New SSD - Wow

Ed - your Puget cite is benchmarking time to process image files. That's entirely different than the time to load a single small file from a drive, and is nearly all cpu time, which is why there is little tangible difference between the drive types in their survey.

When I talk about small files, I mean 1-2k files, or in the case of database transactions, potentially down to 512 bytes. When you do manipulations in the image catalog, there are lots of such actions. Or when you simply click around the library in LR, there is no delay from the read activity.

the time to load a file for a hard drive is largely comprised of the time it takes the head to move to the right track (1), and for the platter to rotate around to the right spot(2), and then the time to actually read the data off (3). For a small file, most of this latency is the first two, and it's why higher rpm drives perform better - the faster you spin, the less the cost of #2. That can reduce seek time from well over 10 ms to less than 5. It's also rather obvious how limiting this can be, and how valuable ram caching can be, as you repeat this cost for every load. A drive maxes out at 10s of these reads per second (50-70 being typical).

SSDs don't have heads or spinning media, so there is nearly zero latency before you get to #3, the actual transfer. "seek times" are less than 1/10 of a ms. And the transfer rate is limited more by the interface, with all recent Sata3 models doing 3x the sequential speed of the fastest drives. When we're talking about 512byte reads, they can do tens of thousands per second, rather than tens per second.
I was replying to your previous statement:

"LR (and really any other DAM product for photographers) benefits greatly from the SSD in live use, not just when loading the program for the first time.

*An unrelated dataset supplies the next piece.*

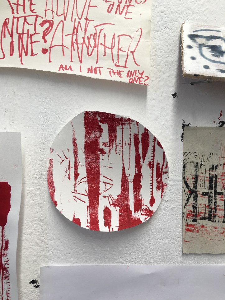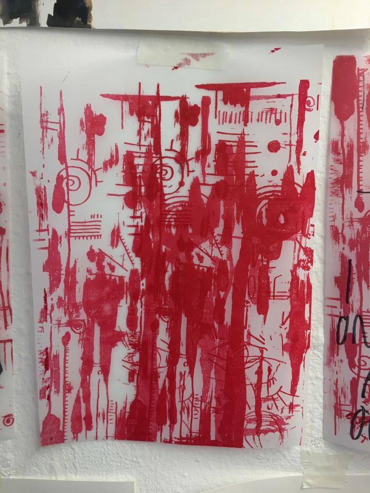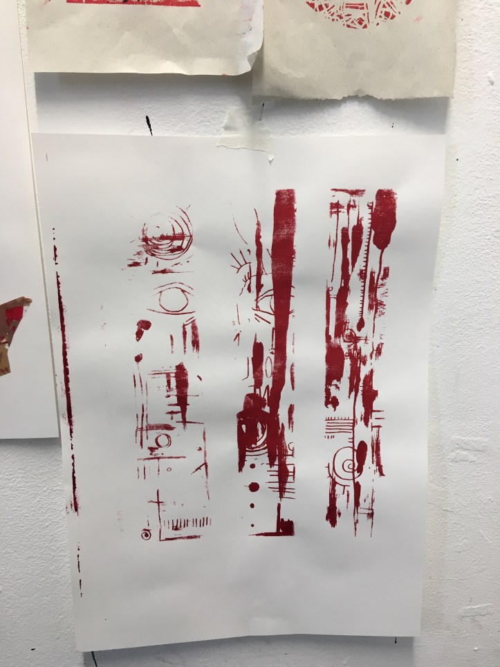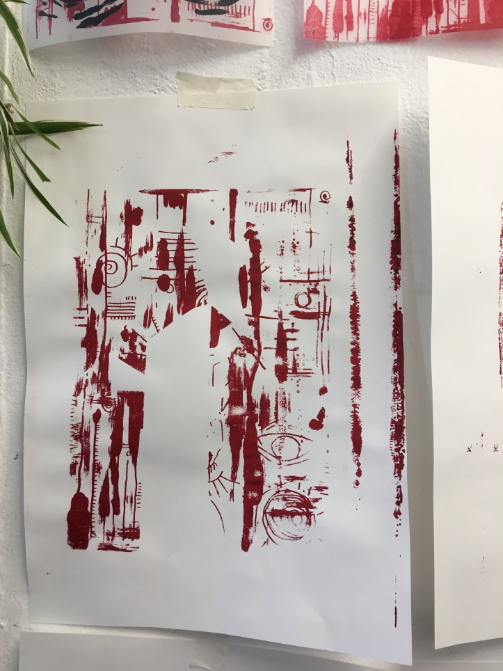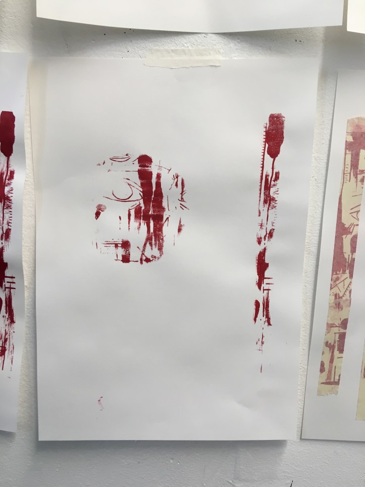 I then started to use masking and parcel tape to block out some of the print. I also saved the tape – which I wanted to experiment with further as I loved the outcome.
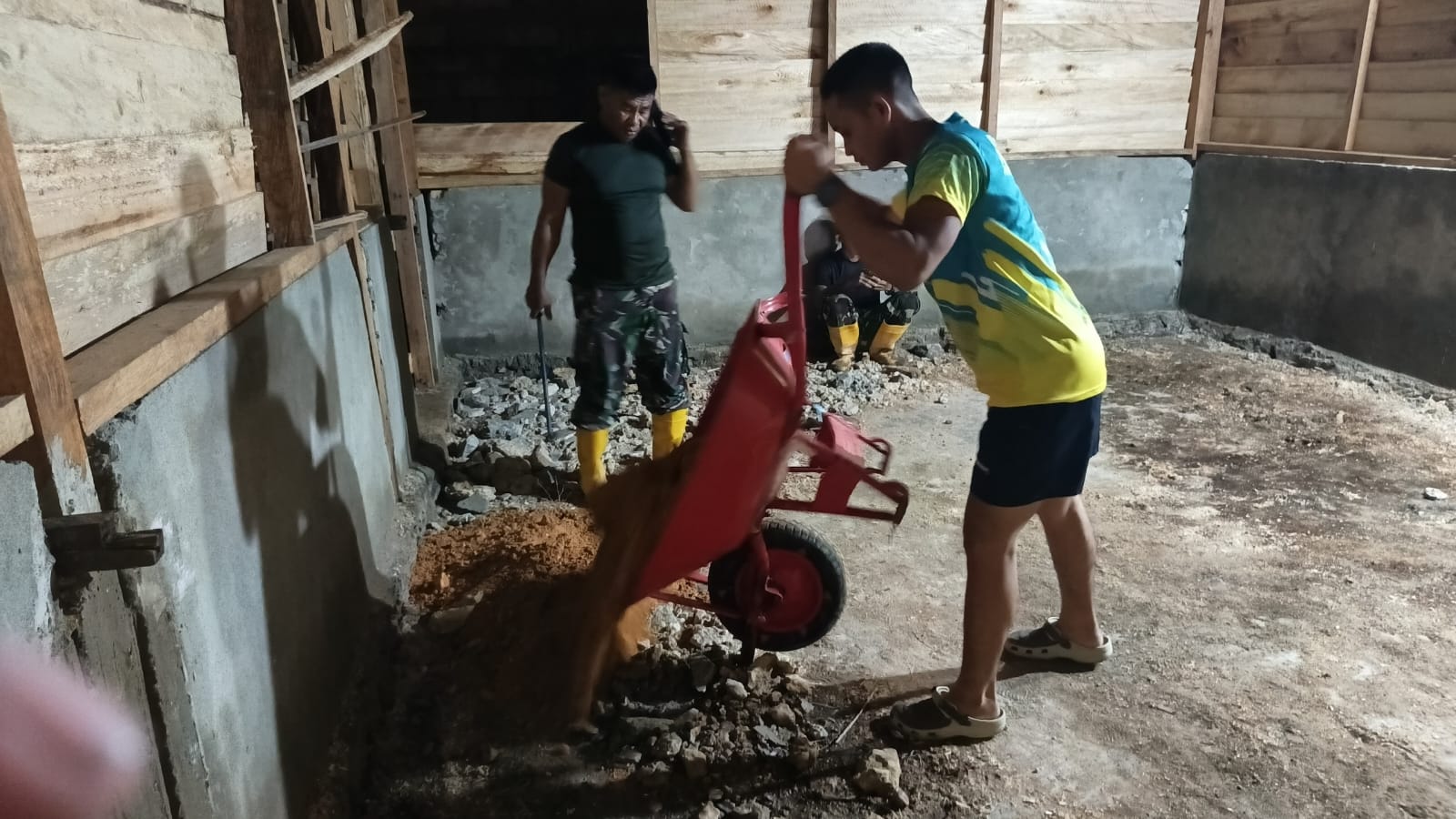 Di bawah temaram lampu dan suasana kekeluargaan yang kental, deru kerja keras seolah mengalahkan sunyinya malam demi mewujudkan hunian yang layak bagi warga yang membutuhkan.

Large file read/writes are 3-5x faster on a current SSD than a hard drive."


So where, exactly, in LR, are you seeing these great benefits? As Puget indicates, you don't see it in import, you don't see it in export. I certainly don't see it in the develop module. Merge to HDR and Panorama fly on my machine but that's because it's an overclocked 6700K with 32GB of memory, not because of the SSD.

So where in LR are you seeing the direct, visible, benefits of the SSD?
 
Ed - your Puget cite is benchmarking time to process image files. That's entirely different than the time to load a single small file from a drive, and is nearly all cpu time, which is why there is little tangible difference between the drive types in their survey.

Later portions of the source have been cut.